There might still be ways to speed up at play time by evaluating batches of candidate points in the same evaluation function call in the GPU.

CUDA is used to learn the evaluation function, at play time it uses a Python implementation of Negamax that uses this evaluation function to estimate how good are the leaf positions.

A little nitpicking: Everytime the author writes "infinite", a more accurate word would be "enough". For example:

    if you had infinite computing capacity,
    you could actually solve chess.
The statement is correct. But you do not necessarily need infinite capacity to solve chess. Just enough capacity.

Would be interesting to estimate how much capacity.

I think "infinite" was used in the engineering-sense of the word and not in the stricter mathematical-sense. For me, as an electrical engineer, infinity is often somewhere beyond 1 ms.

People write that chess has ~ 10^42 board positions. If you read the paper about solving checkers (which you should because it's excellent), they evaluated about sqrt(N) positions, and the final solution took cuberoot(N) board positions. IF that extrapolates to chess, it means that the weak solution would take 10^21 evaluations and 10^14 storage. That's big, but in the realm of feasibility.

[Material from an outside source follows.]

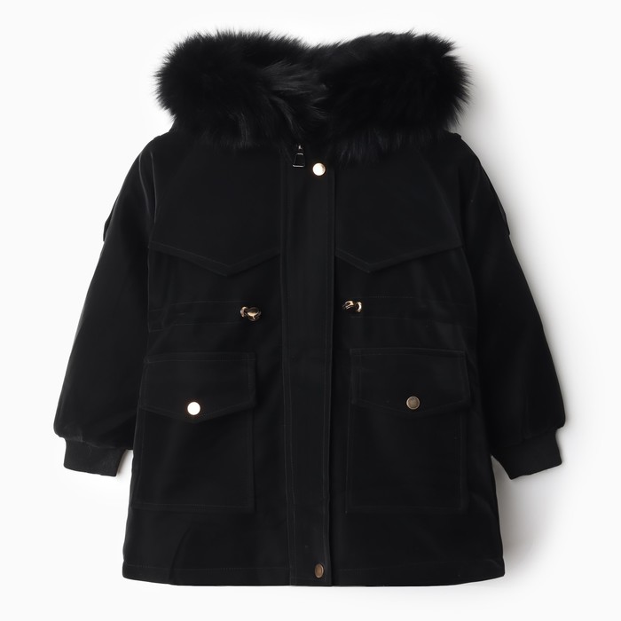Куртка зимняя для девочек, цвет чёрный, рост 122-128 см

More than you would have if the entire universe were transformed into computonium.

So effectively infinite.

Not sure the universe is incapable of doing this.

The number of states a chess field can have is 13. It's either empty or has one of the 6 different pieces in black or white on it.

So 13^64 is an upper limit for the number of positions.

We could solve chess if we could put these 13^64 positions into a tree, right?

13^64 = 10^71.

The number of atoms in the observable universe is estimated to be 10^80.

So even the observable universe might be big enough to form this tree. Even if we use big clunky objects like atoms.

We do not have any idea of the size of the unobservable universe.

And I don't know how many states an atom can have. Who knows, maybe a single atom can solve chess if it's programmed correctly? According to quantum theory, pretty small objects like electrons can store and process an amazing (infinite?) amount of information in certain ways.

Hi no_gravity - you've used the word "estaminated" a couple of times. Just in case it's not a simple typo, the word you're after is "estimated".

Thank you! Fixed it.

"So 13^64 is an upper limit for the number of positions."

Your conclusion is correct by a huge margin but the argument is flawed. There is state that is not in the board position:

  - white or black to move?
  - is an en passant capture possible?
  - is castling still possible?
  - how many moves since the last lawn move or capture?

You are right. If I count correctly, that's another 17 bit of information. If we make no effort to encode it efficiently. Let's say 10^6 additional states.

That brings us to an upper limit of 10^77 states the board can be in.

Still enough atoms in the observable universe to assign one to each state.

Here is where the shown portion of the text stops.